Each Landsat image was analyzed using an unsupervised classification. An unsupervised classification is nonbiased statistical approach used to group the pixels of an image into classes for land cover analyses. This procedure can be performed digitally using several different software packages. For this study, ERDAS Imagine was used to perform unsupervised classifications on each of the Landsat images. Due to the large area of coverage for each Landsat image, many classes were necessary to accurately classify each land-cover type. The Landsat image contains areas of agricultural land, forested areas, granite rocks, snow, glacial ice etc, thus 25 classes were chosen to perform the unsupervised classification.
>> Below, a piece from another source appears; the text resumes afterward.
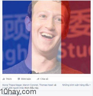 Facebook đã thêm chức năng thay đổi ảnh đại diện bằng cờ Pháp. Và hiện nay trào lưu thay đổi cờ Pháp này đã lan tỏa rất nhanh chóng trên mạng xã hội Facebook và nhận được sử ủng hộ và đồng cảm của nhiều người trên toàn thế giới. Cụ thể là CEO Facebook Mark Zuckerberg đã hành động đầu tiên thay đổi ảnh đại diện của mình bằng cờ Pháp trên Facebook. Với hành động này sau 20 giờ đẫ nhận được hơn 1 triệu like và hơn 10k lượt chia sẻ trên Facebook. Và hiện tại các bạn tại Việt Nam cũng đang hưởng ứng trào lưu này rất nhiệt tình và chúng ta nên làm như vậy.
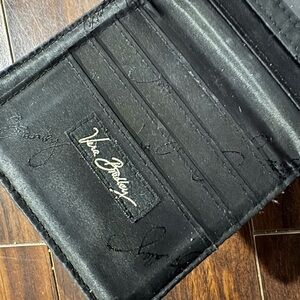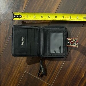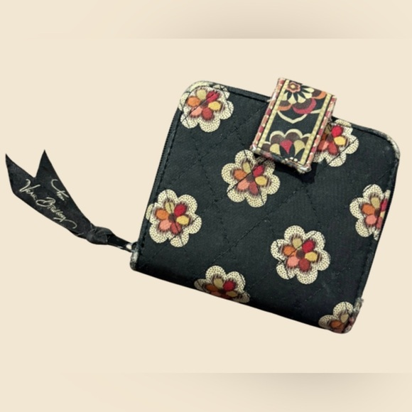 Chic Vera Bradley quilted wallet in a black floral pattern with red, tan, and cream accents. Features a snap closure, multiple card slots, clear ID window, and a zip coin section. Compact and functional — perfect for everyday use or travel!

In each of the land-cover types mentioned above, several subclasses may be contained, for example, glacial ice can occur in the form of clean snow from the previous year, firn (a substance that is undergoing the transition from snow to glacier ice) clean glacier ice and dirty glacier ice. Therefore it was necessary to have many classes to be able to identify the subtle differences between different materials. Each classified Landsat image was then imported to a Geographical Information System (GIS) for further analysis. The resulting polygons representing glacier area were imported into a GIS framework to calculate the surface area of each glacier in 1985 and 2005. Since clouds are similar in color to snow and ice each cloud was identified using the band 5 information and removed by clipping them in ArcGIS.
The base map of glacier extent from 1985 was combined with a 30 meters resolution digital elevation model to calculate the maximum length and average slope of each glacier. The accuracy of the unsupervised classification was determined by calculating the kappa coefficient for each classified glacier. The kappa coefficient has been utilized in numerous remote sensing applications [24,25]. The kappa coefficient represents the percentage of points that were correctly classified during the unsupervised classification. The kappa coefficient accuracy assessment was performed only on the 1985 glacier classifications to determine the overall accuracy of the classification and the values for accuracy were assumed to generally represent the accuracy of the 2005 classifications. The percent error was obtained by multiplying the surface area (km2) of the glacier times the percent (e.g., 1–kappa coefficient) obtained from the kappa coefficient.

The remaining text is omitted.